TASK DESCRIPTION: Only the lines from the one containing "Crème citron vert" through the final line below belong in the output, copied exactly and without pictures.

INFORMATION SUPPLIED:

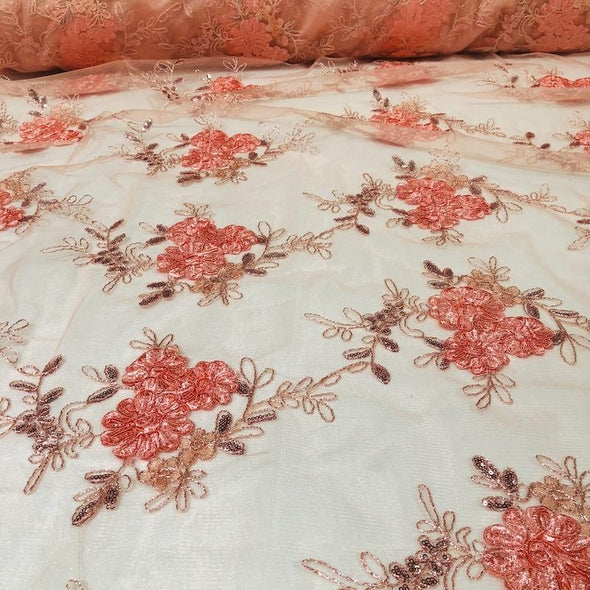 Fabric Collection: This fabric has a mesh/sheer base w/ a floral & sequins embroidery design.
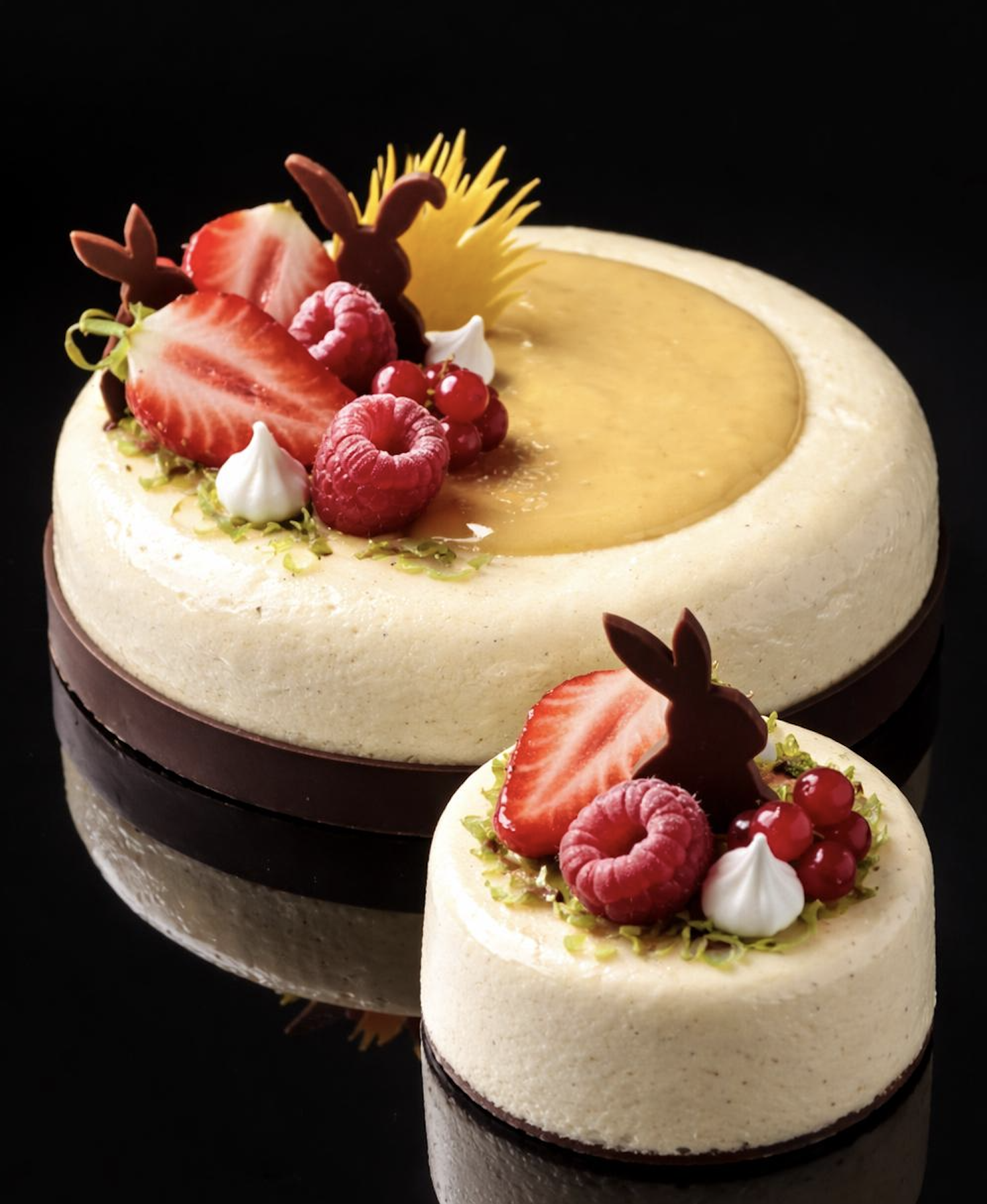 Crème citron vert et basilic fraîchement mêlée de fruits rouges des sous-bois. Crème fouettée vanille, biscuit moelleux au citron et sablé friable juste à souhait.
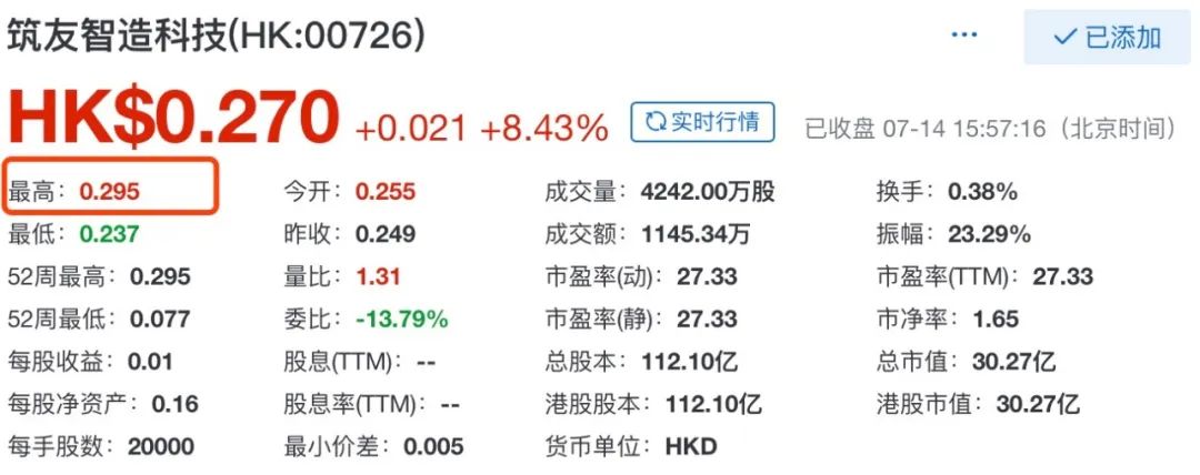 7月13日,筑友智造科技(00726.HK)发布公告称,胡葆森全资持有的恩辉投资有限公司与筑友智造科技二股东朱岳海订立一份股份购买协议,恩辉投资拟斥资现金3.03亿港元向朱岳海购买筑友智造科技约9.79亿股股份,相当于每股出售股份0.31港元。

SOLVED PROBLEM:
 Crème citron vert et basilic fraîchement mêlée de fruits rouges des sous-bois. Crème fouettée vanille, biscuit moelleux au citron et sablé friable juste à souhait.
 7月13日,筑友智造科技(00726.HK)发布公告称,胡葆森全资持有的恩辉投资有限公司与筑友智造科技二股东朱岳海订立一份股份购买协议,恩辉投资拟斥资现金3.03亿港元向朱岳海购买筑友智造科技约9.79亿股股份,相当于每股出售股份0.31港元。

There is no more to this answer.